The management of Raven Software, subsidiary of Activision Blizzard, developed call of Duty games, has reportedly tried to persuade its employees to vote against unionization. Corresponding The Washington PostRaven management sent out messages and held town hall meetings ahead of the May 20 election date.
During a meeting on April 26, the company’s management indicated that unionizing could not only hamper game development, but could also affect promotions and benefits. After this meeting The post says management emailed employees with a more direct message: “Please vote no.” However, Raven employees the publication spoke to said the company’s efforts had been ineffective and they still had voted to organize.

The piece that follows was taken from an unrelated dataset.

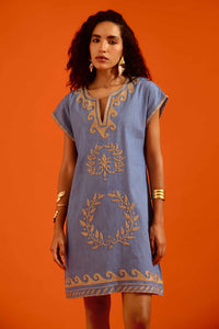 Featuring a blue cotton shift dress with natural wave thread embroidery, this relaxed-fit design is crafted from soft denim, blending everyday ease with organic-inspired detailing for a casually refined look.

This saga began late last year when Raven suddenly fired around a third of the group’s QA testers after months of promising better pay. Activision Blizzard workers staged a week-long strike in support of QA staff, at the same time as union organizing efforts began. Since then, Activision has been trying to dissuade workers from forming a union.
Chris Arends, VP of QA at Activision, reportedly told team members in a Slack meeting that a “union doesn’t do anything to help us produce world-class games and the negotiation process isn’t usually quick, often the Flexibility can be reduced and controversial, leading to negative publicity.” However, the National Labor Relations Board gave quality assurance auditors permission to hold a union vote in April, and workers sent in their ballots in the mail last month Activision, we’ll soon find out: On May 23, the NLRB will count the ballots via video conference.